When the line containing "Esa cosa pesa" appears in the data below, begin copying there and stop only after the line containing "O Juiz Eleitoral".

Segment Start: SUPPLIED DATA

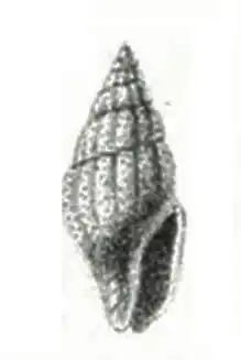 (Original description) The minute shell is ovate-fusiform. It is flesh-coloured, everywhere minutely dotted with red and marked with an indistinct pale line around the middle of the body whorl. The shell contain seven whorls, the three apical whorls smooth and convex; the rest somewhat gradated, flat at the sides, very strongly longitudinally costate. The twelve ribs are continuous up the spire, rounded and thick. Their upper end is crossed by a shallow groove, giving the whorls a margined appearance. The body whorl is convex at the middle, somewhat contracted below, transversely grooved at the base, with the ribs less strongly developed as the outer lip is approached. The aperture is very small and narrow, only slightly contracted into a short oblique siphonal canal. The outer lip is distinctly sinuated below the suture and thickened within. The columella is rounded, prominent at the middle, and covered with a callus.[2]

Segment End: SUPPLIED DATA
Segment Start: SUPPLIED DATA

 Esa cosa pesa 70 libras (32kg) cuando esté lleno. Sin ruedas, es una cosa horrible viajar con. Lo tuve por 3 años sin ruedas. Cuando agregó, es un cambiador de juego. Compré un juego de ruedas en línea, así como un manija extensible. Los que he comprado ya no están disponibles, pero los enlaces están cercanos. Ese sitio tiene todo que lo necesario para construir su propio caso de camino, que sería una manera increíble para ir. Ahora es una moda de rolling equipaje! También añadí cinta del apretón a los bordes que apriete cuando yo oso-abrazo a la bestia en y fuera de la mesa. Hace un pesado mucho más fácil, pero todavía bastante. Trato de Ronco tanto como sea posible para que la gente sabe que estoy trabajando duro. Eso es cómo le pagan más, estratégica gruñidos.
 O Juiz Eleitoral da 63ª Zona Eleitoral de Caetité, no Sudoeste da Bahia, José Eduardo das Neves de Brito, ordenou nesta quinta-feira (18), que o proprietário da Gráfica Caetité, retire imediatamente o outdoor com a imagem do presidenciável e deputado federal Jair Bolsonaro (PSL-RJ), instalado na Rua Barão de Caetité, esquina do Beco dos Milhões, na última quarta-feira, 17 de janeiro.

Segment End: SUPPLIED DATA

__TASK OUTPUT__.
 Esa cosa pesa 70 libras (32kg) cuando esté lleno. Sin ruedas, es una cosa horrible viajar con. Lo tuve por 3 años sin ruedas. Cuando agregó, es un cambiador de juego. Compré un juego de ruedas en línea, así como un manija extensible. Los que he comprado ya no están disponibles, pero los enlaces están cercanos. Ese sitio tiene todo que lo necesario para construir su propio caso de camino, que sería una manera increíble para ir. Ahora es una moda de rolling equipaje! También añadí cinta del apretón a los bordes que apriete cuando yo oso-abrazo a la bestia en y fuera de la mesa. Hace un pesado mucho más fácil, pero todavía bastante. Trato de Ronco tanto como sea posible para que la gente sabe que estoy trabajando duro. Eso es cómo le pagan más, estratégica gruñidos.
 O Juiz Eleitoral da 63ª Zona Eleitoral de Caetité, no Sudoeste da Bahia, José Eduardo das Neves de Brito, ordenou nesta quinta-feira (18), que o proprietário da Gráfica Caetité, retire imediatamente o outdoor com a imagem do presidenciável e deputado federal Jair Bolsonaro (PSL-RJ), instalado na Rua Barão de Caetité, esquina do Beco dos Milhões, na última quarta-feira, 17 de janeiro.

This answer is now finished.